Se um doente tiver uma forma crónica de doença das vias biliares, o médico pode proceder a uma avaliação no sentido de determinar se existem anomalias do colesterol ou osteoporose. Ambas as situações são mais comuns numa pessoa com anomalias persistentes da drenagem das vias biliares.

Evolução clínica

Para tratar uma obstrução e uma infecção provocadas por um cálculo biliar, os médicos prescrevem, em primeiro lugar, antibióticos. Depois de a infecção ter sido resolvida, o doente deve ser submetido a uma intervenção cirúrgica para remoção da vesícula biliar. Os sintomas causados por uma cicatriz (estenose) podem melhorar rapidamente se o tratamento restabelecer a drenagem da via biliar.

Os sintomas da cirrose biliar primária e da colangite esclerosante primária podem agravar-se progressivamente e conduzir à cirrose e à insuficiência hepática ao fim de vários anos de doença. Quando se desenvolve uma insuficiência hepática, um transplante de fígado pode melhorar a sobrevivência. No entanto, a colangite esclerosante primária e a cirrose biliar primária podem recidivar depois do transplante.

Prevenção

Se a pessoa tiver litíase biliar pode prevenir uma obstrução das vias biliares e uma infecção grave (uma colangite ascendente ou uma colecistite) se for submetida a uma colecistectomia. Esta intervenção cirúrgica é habitualmente realizada através de pequenas incisões no abdómen, um procedimento denominado colecistectomia laparoscópica.

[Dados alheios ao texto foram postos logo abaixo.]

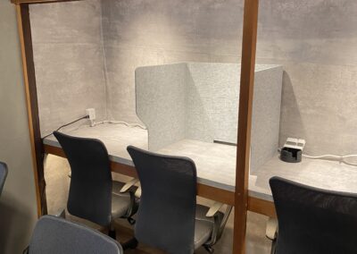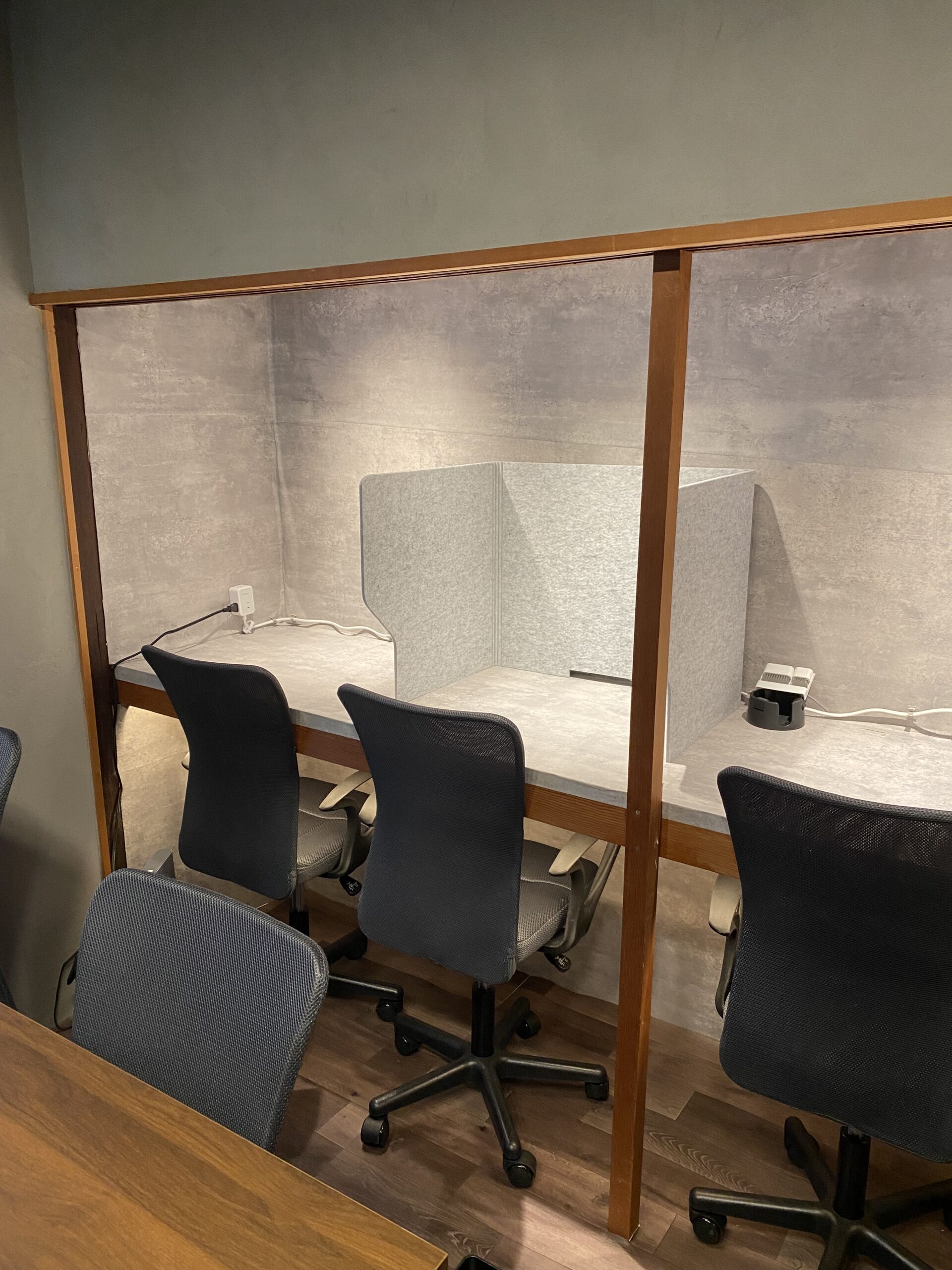 他にも、各自習机備品として、コンセント(+USB-A/C)、デスクライト、ドリンクホルダー、共用備品として、スマートフォン用充電ケーブル(USB-C/ミニUSB/ライトニング端子)、移動式パーティション、荷物置き、鍵付きのスマートフォン保管庫、などを準備しています。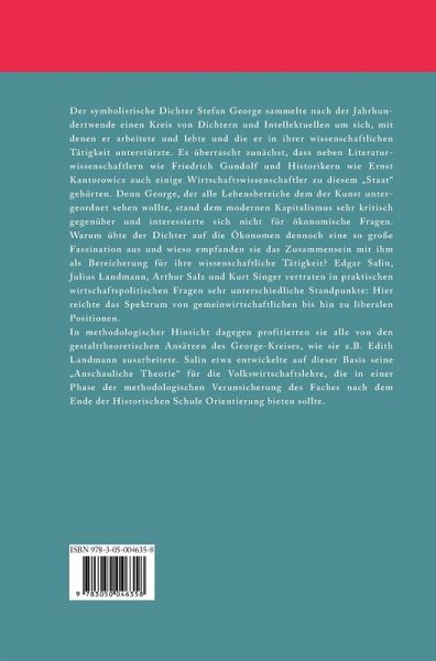 Der symbolistische Dichter Stefan George sammelte nach der Jahrhundertwende einen Kreis von Dichtern und Intellektuellen um sich, mit denen er arbeitete und lebte, und die er in ihrer wissenschaftlichen Tätigkeit unterstützte. Es überrascht zunächst, dass neben Literaturwissenschaftlern wie Friedrich Gundolf und Historikern wie Ernst Kantorowicz auch einige Wirtschaftswissenschaftler zu diesem "Staat" gehörten. Denn George, der alle Lebensbereiche dem der Kunst untergeordnet sehen wollte, stand dem modernen Kapitalismus sehr kritisch gegenüber und interessierte sich nicht für ökonomische Fragen. Warum übte der Dichter auf die Ökonomen dennoch eine so große Faszination aus, und wieso empfanden sie das Zusammensein mit ihm als Bereicherung für ihre wissenschaftliche Tätigkeit? Edgar Salin, Julius Landmann, Arthur Salz und Kurt Singer vertraten in praktischen wirtschaftspolitischen Fragen sehr unterschiedliche Standpunkte: hier reichte das Spektrum von gemeinwirtschaftlichen bis hin zu liberalen Positionen. In methodologischer Hinsicht dagegen profitierten sie alle von den gestalttheoretischen Ansätzen des George-Kreises, wie sie z.B. Edith Landmann ausarbeitete. Salin etwa entwickelte auf dieser Basis seine "Anschauliche Theorie" für die Volkswirtschaftslehre, die in einer Phase der methodologischen Verunsicherung des Faches nach dem Ende der Historischen Schule Orientierung bieten sollte.

Se a pessoa tiver excesso de peso e colesterol elevado irá apresentar um risco mais elevado de desenvolver litíase biliar. Para evitar complicações, deve esforçar-se por manter um peso saudável através de dieta e exercício físico. As mulheres que tomam contraceptivos orais ou terapêutica hormonal de substituição apresentam um risco mais elevado de formarem cálculos biliares e devem tomar em consideração este risco na sua decisão de tomar estes medicamentos. Além disso, uma dieta radical para uma perda de peso rápida pode resultar igualmente na formação de cálculos biliares.

Embora o colangiocarcinoma seja raro, os riscos associados ao seu desenvolvimento incluem o tabagismo, uma dieta com um conteúdo elevado em hidratos de carbono e a litíase biliar.

Determinadas infecções parasitárias (Clonorchis sinensis e Opisthorchis viverrini, também conhecida por fascíola hepática chinesa) podem aumentar o risco de infecções e de cancro das vias biliares. Se viajar para o sudeste asiático coma peixe apenas se estiver bem cozinhado. Se comer peixe insuficientemente cozinhado enquanto viajar nesta área, peça ao médico para efectuar uma pesquisa de parasitas nas fezes, especialmente se tiver sintomas de perda de peso ou de diarreia.

Tratamento

Para tratar uma obstrução secundária a litíase biliar e acompanhada por dores persistentes ou sinais de infecção, um gastroenterologista ou um cirurgião podem remover os cálculos por colangiopancreatografia retrógrada endoscópica. O endoscópio permite realizar uma incisão na base da via biliar principal, permitindo a passagem do cálculo biliar. Em alguns casos, o endoscopista pode inserir diversos dispositivos na via biliar para extrair o cálculo. Este mesmo procedimento permite alargar uma área estenosada da via biliar (por exemplo por um processo cicatricial) através da inserção e expansão de uma estrutura helicoidal em arame (prótese) no interior do canal. De um modo geral, os médicos recomendam que qualquer pessoa com uma obstrução da via biliar devido a um cálculo seja submetida a uma colecistectomia para prevenir a recorrência da situação.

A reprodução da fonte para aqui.